### REQUIRED WORK
Without any images, write the listing below out word for word.

### COLLECTED MATERIAL
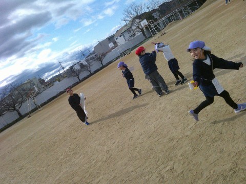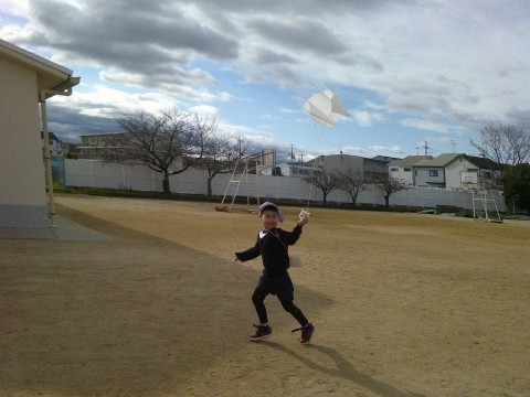 幼稚園子どもに凧あげをさせてもらいました。お兄さんお姉さんと一緒に広い運動場をめいっぱい走りました。風もありよく上がって楽しそうでした。
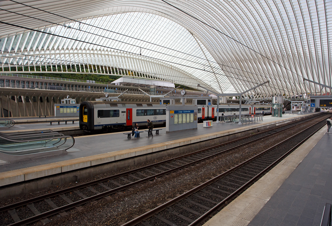 Zwei Triebzüge am 21 Oktober 2025 im Bahnhof Liège-Guillemins (Lüttich-Guillemins) nebeneinander. Vorne der Siemens Desiro ML SNCB/NMBS Triebzug AM 08551 (AM = Automotrice), als L-train (Lokalzug/Regionalzug) über Angleur (Stadtteil von Lüttich) nach Bomal. Dahinter ein langen M7 TWINDEXX-Triebwagen-Zug, als IC über Brüssel Flughafen, Gent und Brügge, an die Küste nach Knokke.
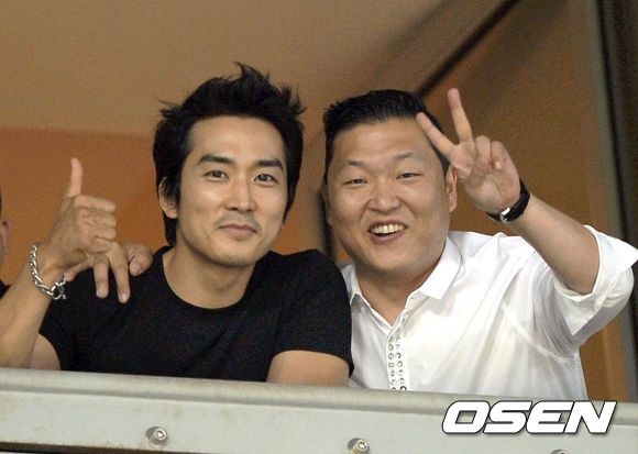 류현진 추신수 맞대결 경기를 관전 온 송승헌과 싸이가 취재진을 위해 포즈를 취하고 있다. /sunday@osen.co.kr
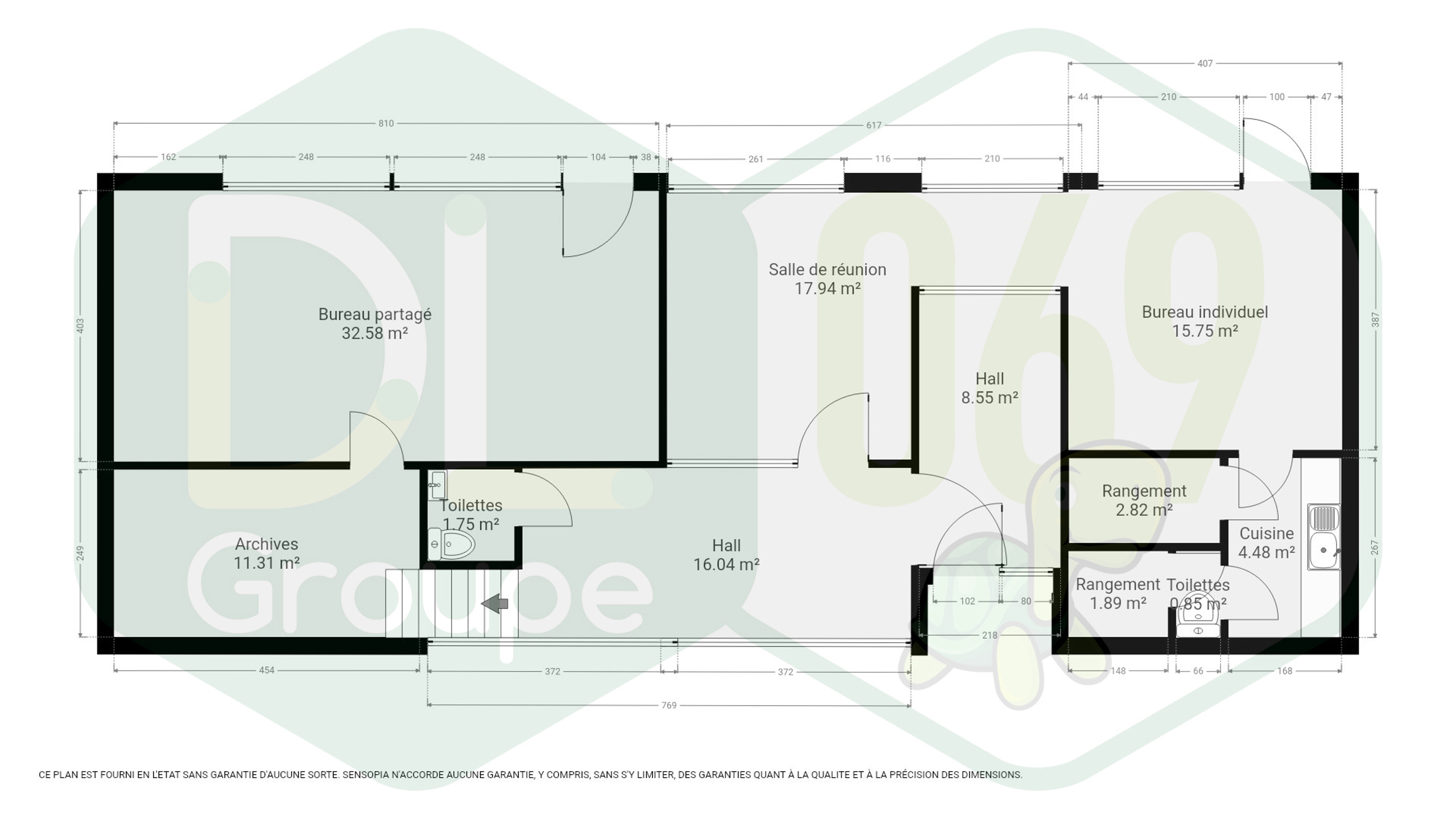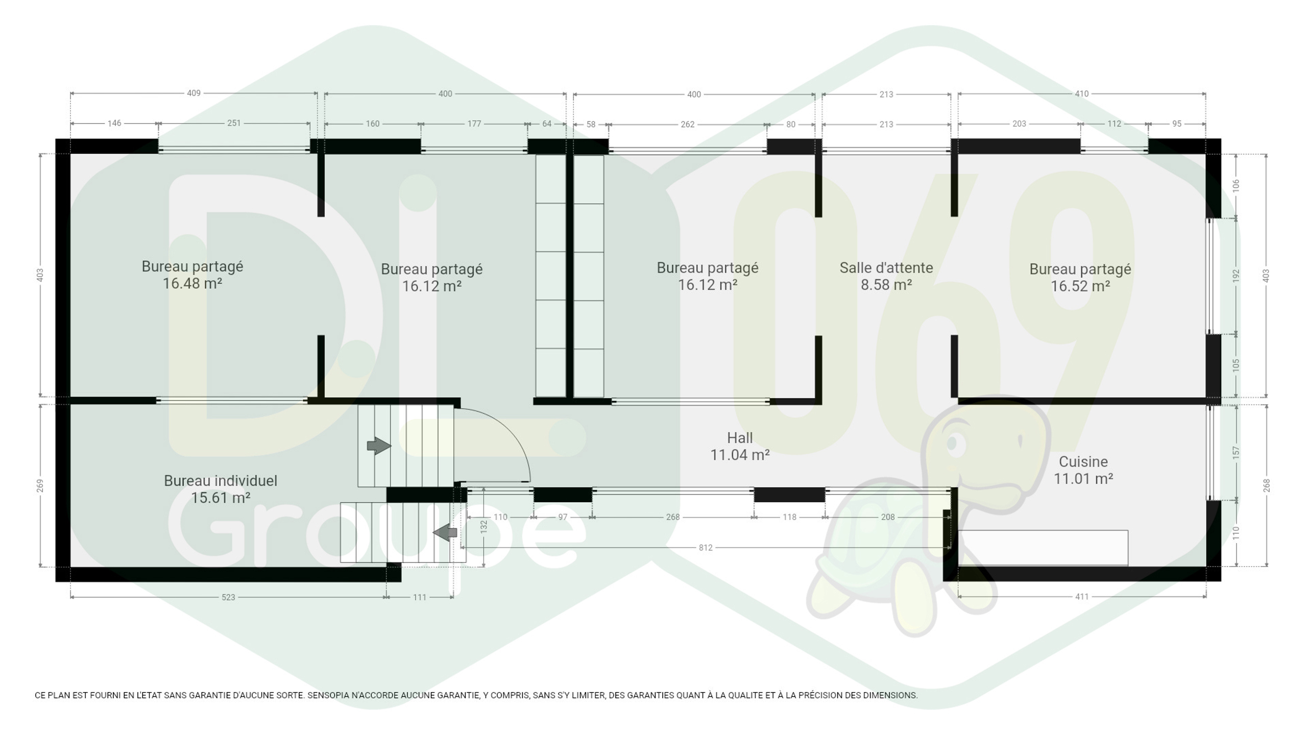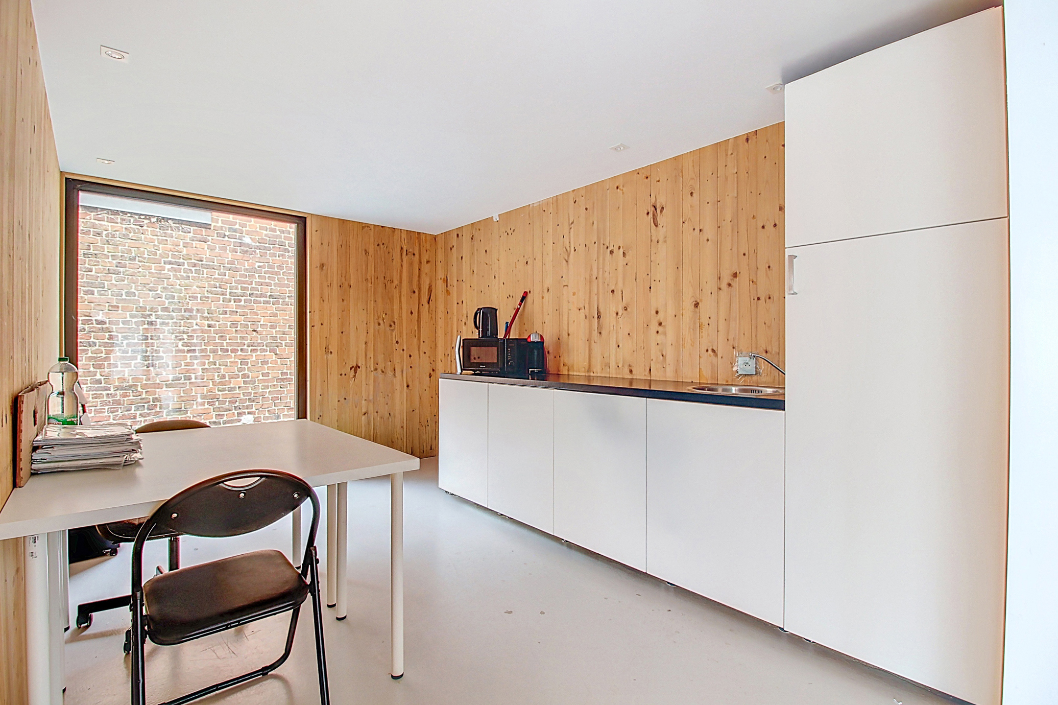 À l’étage, un demi-niveau accueille un espace bureau/accueil, puis le niveau principal comprend deux bureaux communicants, une cuisine et deux autres bureaux indépendants.

### ANSWER FOR THE TASK
 幼稚園子どもに凧あげをさせてもらいました。お兄さんお姉さんと一緒に広い運動場をめいっぱい走りました。風もありよく上がって楽しそうでした。
 Zwei Triebzüge am 21 Oktober 2025 im Bahnhof Liège-Guillemins (Lüttich-Guillemins) nebeneinander. Vorne der Siemens Desiro ML SNCB/NMBS Triebzug AM 08551 (AM = Automotrice), als L-train (Lokalzug/Regionalzug) über Angleur (Stadtteil von Lüttich) nach Bomal. Dahinter ein langen M7 TWINDEXX-Triebwagen-Zug, als IC über Brüssel Flughafen, Gent und Brügge, an die Küste nach Knokke.
 류현진 추신수 맞대결 경기를 관전 온 송승헌과 싸이가 취재진을 위해 포즈를 취하고 있다. /sunday@osen.co.kr
 À l’étage, un demi-niveau accueille un espace bureau/accueil, puis le niveau principal comprend deux bureaux communicants, une cuisine et deux autres bureaux indépendants.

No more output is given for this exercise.